День российской науки — молодой праздник. Он появился в 1999 году «в ознаменование 275-летия со дня основания Российской академии наук», как сказано в указе президента Ельцина. В то время его, кажется, и не отмечали совсем. Не до праздников было в стране, особенно ученым; впрочем, научная жизнь не останавливалась, но в основном благодаря энтузиазму самих ученых. Часто обнищавшие и униженные, они в целом представляли собой жалкое зрелище — директор Института физики Земли академик Владимир Страхов даже устраивал голодовки, чтобы привлечь внимание к катастрофическому положению науки.

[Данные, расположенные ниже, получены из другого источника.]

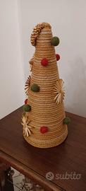 Vendo alberello di Natale realizzato in corda con addobbi alto 28 cm ottimo come centro tavola o regalo di natale benaugurale.
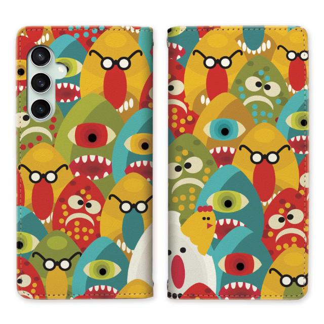 au Galaxy S23 FE SCG24 ベルトなし スタンド機能 - Eggモンスターデザイン - 手帳型 スマホケース 手帳ケース 手帳カバー スマホカバー マグネットでピタッと閉じる

Жорес Алферов, вскоре ставший Нобелевским лауреатом, на чем свет стоит ругал реформаторов и призывал власти спасти науку (почитайте сборник его статей разных лет «Власть без мозгов», где видно, что он никогда не менял свою позицию). Но большая-то масса ученых отмалчивалась, старалась лишний раз не высовываться, чтобы не навлечь на себя лиха.

В 2000 году, когда президентом только что избрали В.В.Путина, академик Владимир Котляков, который всегда избегал политических тем и критики, сказал мне в интервью, что Россия скоро начнет очень быстро развиваться, и драйвером этого развития станет высоко-технологический комплекс. Я недоумевала, как? Инфраструктура поддержки науки в то время состояла из мизерных грантов РФФИ, фонда Бортника и зарубежных программ.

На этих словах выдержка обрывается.